Yes, he had come across the world to find himself overdue; to find himself too late. He went out again—as soon as he decently could—taking only a picture of her that in sixty over-charged minutes had wiped out the treasured picture of years.
Sixty minutes! After waiting for years she had kept him an hour, desperately, by sheer force of will keeping a man too stunned at first to resist, to break free. (Then at last he broke free of that room and that woman, and went!) For years he had pictured her sitting still as no other woman sat still, tranquil and graceful, her hair going a little grey above her clear, pale skin, her eyes of a dream-ridden saint. And now he must picture her forced into life, vivaciously, restlessly eager; full of plans, (futile plans, how he knew those plans!) for the world's upheaval, adding unrest to unrest.
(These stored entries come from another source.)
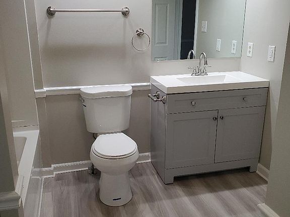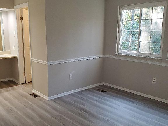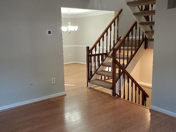 Beautiful townhouse that's been completely renovated! New SS appliances, new laminate floors, new carpet, new baths, freshly painted throughout, new HVAC! Walk-out rec room to big deck backing to woods! 2 reserved parking spaces and full-size washer & dryer, too! Great location close to shopping and restaurants! Renter responsible for electric and water/sewer. No smoking or dogs/cats, please.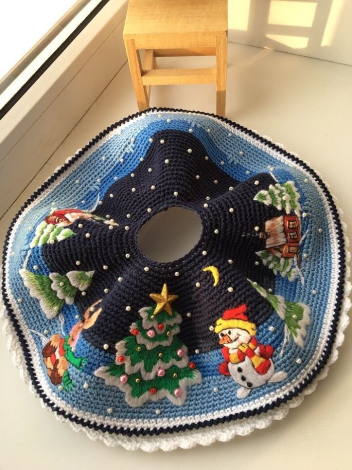 ALmode.top » Мода » Вязаный коврик под елку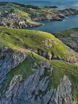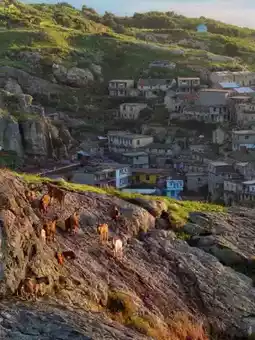 Weathered stone walls+fishing nets+rusted anchors, best on cloudy days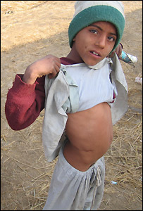 یہ بزرگ خاتون سوئی کے علاقے محمد کالونی کے ایک مزدور سعید خان کی والدہ تھیں۔ سعید خان نے نادرا کا جاری کردہ اپنا شناختی کارڈ جھٹ سے کوٹ کی لٹکی ہوئی جیب سے نکالا۔ کوٹ کیا تھا کچھ چیتھڑے لٹکے ہوئے تھے۔ سعید خان نے بتایا: ’دسمبر دوہزار پانچ میں جب سے ہم نے گھر چھوڑا ہے حکومت نے صرف یہ مدد کی ہے کہ نادرا کی گاڑی نے یہاں بیٹھے بیٹھےسب کا شناختی کارڈ بنا دیا‘۔ اس خالی زمین میں سعید خان کے تین بھائیوں اور سسرالیوں سمیت سات گھرانوں کے تئیس چھوٹے بڑے نفوس ڈنڈوں پر پھٹے پرانے کپڑے اور خشک گھاس کی چھت سی تانے سر چھپانے کی کوشش کررہے ہیں۔ کیا آپ نے ایسی جھونپڑی دیکھی ہے جو تین طرف سے کھلی ہوئی ہو۔ سعید خان کے دو بھائی تلاشِ معاش کے لیے حیدرآباد کی طرف نکل گئے۔ میں نے پوچھا گزارہ کیسے ہوتا ہے؟ کہنے لگا دھان کی فصل کا ایک ایکڑ کاٹنے پر ایک من چاول ملتا تھا۔ چار مہینے یہ کام کیا۔ اب ابلے ہوئے چاول کھاتے ہیں اور یہ جو سامنے پانی جمع ہے اسے ابال کر پیتے ہیں۔ اتنے میں ایک بچہ ابلے ہوئے چاول کی دیگچی اٹھا لایا۔ جوہڑ کے ابلے ہوئے پانی میں ابلے ہوئے چاول۔ ’سائیں آپ کی کیا خاطر کریں بس یہی ہے‘۔ گاڑی آگے بڑھتی چلی گئی۔ ایک بڑی سی کچی چار دیواری نظر آئی۔ گاڑی مڑ گئی۔ دو نوجوان اور کچھ بچے۔ دوتین بچوں کے ہاتھ میں مڑے تڑے سے پہلی جماعت کے قاعدے تھے۔ علی محمد نے بتایا کہ یہ اس نے اپنی جیب سے خریدکر کچھ بچوں کو دیے ہیں۔

And now he must picture her with the grey hair outwitted by art, with paint on her beautiful ravaged face.
At first he had wanted to take her in his arms; with his strength to still her, with his tears to wash the paint off.
But he couldn't—he couldn't. He knew that his had been a dream of such supreme sweetness that to awaken was an agony he could never hide; knew that you can't re-enter dreamland once you wake.
So he went.
He never knew, with the door shut on him, how she fell on her sofa—her vivacity quenched, her soul spent. He never knew that having failed, (as she thought) to draw him to her with what she was, she had vainly, foolishly tried a new model—himself.
He did not know how inartistic love can be when love is desperate.